Prices and rents of industrial space here continued to fall in tandem in the third quarter of the year, JTC’s latest statistics released on Thursday (27 October) revealed.
Overall industrial property prices and rents fell by 1.7 percent and 2.0 percent, respectively, compared to the previous quarter. The indices also fell 7.8 percent and 7.3 percent, respectively, year-on-year.
The declines marked the sixth consecutive quarter of prices and rental revisions on both quarterly and yearly basis.
One analyst attributes the market’s sluggish performance to the slowdown in the investment demand on the back of cooling measures and high vacancy rates among completed strata-titled industrial property.
“The industrialists are taking a wait-and-see attitude after taking into consideration the prolonged slow economic growth at least until the end of 2017 going by the official GDP estimates, coupled with the uncertainties surrounding the global and regional economic recovery,” said Christine Li, director of Research at Cushman & Wakefield.
Occupancy rate also fell 0.3 percentage points from the previous quarter to 89.1 percent and dropped by 1.7 percentage points from that recorded in the same period last year.

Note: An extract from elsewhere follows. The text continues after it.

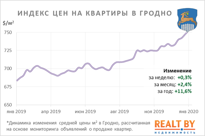 Средняя цена предложения в объявлениях о продаже квартир в Гродно на минувшей неделе выросла на 0,3% и составила 754 $/м2.

According to JTC, about 3.0 million sq m of industrial space — including around 720,000 sq m of multiple-user factory space — is estimated to come on-stream from now till end of 2017, higher than the average annual supply and demand of around 1.9 sq m and 1.2 million sq m respectively in the past three years. The state landlord expects the upcoming supply to “exert further downward pressure on occupancy rates, prices and rentals, translating to reduced business costs for industrialists.”